Resulta asombroso lo poco que somos conscientes de nuestras limitaciones. Nosotros y los ilustrísimos diputados. La clase duró una hora y media, algo menos que el discurso de Pedro Sánchez. Algo más que la historia de Roma de Asimov. Padecí lo que tuvo que sentir Filípides llegando a Atenas desde Maratón, con armadura, escudo en la espalda y lanza atravesada en el gemelo. Un dolor que recorría mi cuerpo y se hacía más grande ante la soledad que experimenté. Miraba a los compañeros, hermanos en Buda, y veía cómo se desplazaban con gracilidad, sin huesos que crujían ni articulaciones paralizadas. En sus rostros encontré la serenidad de una votación ganada.
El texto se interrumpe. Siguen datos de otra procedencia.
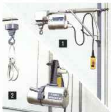
Rope hoists: ■ Swivel arm hoists ■ Scaffolding hoists

Terminó el calvario y asumí la derrota de mi cuerpo, con menos optimismo que Tamames. Uno puede alardear de realizar maratones o de escribir libros de economía, pero poco tiene que hacer ante el castigo de una esterilla y el equilibrio del cuerpo estirado. Somos seres imperfectos y la medida de nuestra imperfección se demuestra cuando intentas alcanzar el pie con la mano y no eres capaz de llegar ni a la rodilla. Como obtener solamente 53 votos a favor. Fue una buena cura de humildad, un bautismo doloroso que acabó con los comentarios sarcásticos de la monitora sobre lo tranquila que había sido la sesión, las mujeres jubiladas felicitándose por haber logrado hacer el pino, como diputadas socialistas, y el hombre maduro abrazándome y animándome sobre lo terribles que son los comienzos, como Montero y Belarra, ausentes y cariacontecidas en su final de ciclo.
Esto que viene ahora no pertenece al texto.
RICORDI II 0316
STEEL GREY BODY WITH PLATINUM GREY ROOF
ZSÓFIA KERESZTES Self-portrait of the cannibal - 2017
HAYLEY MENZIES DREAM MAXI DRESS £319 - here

Llegar a casa fue un canto a la supervivencia. Me duché y busqué el sillón burgués que me devolvió mis ínsulas y frustraciones. En el televisor apareció el hemiciclo, casi vacío, como mi alma. Experimenté el sopor de las arengas artificiales, la presentación en el templo de la nueva lideresa, Yolanda Díaz, que no es nueva y no lidera, por más que sonría y entone los discursos con acento de fräulein María. Y todo a costa de nuestra respiración. Sin incienso y sin adoptar la flor de loto.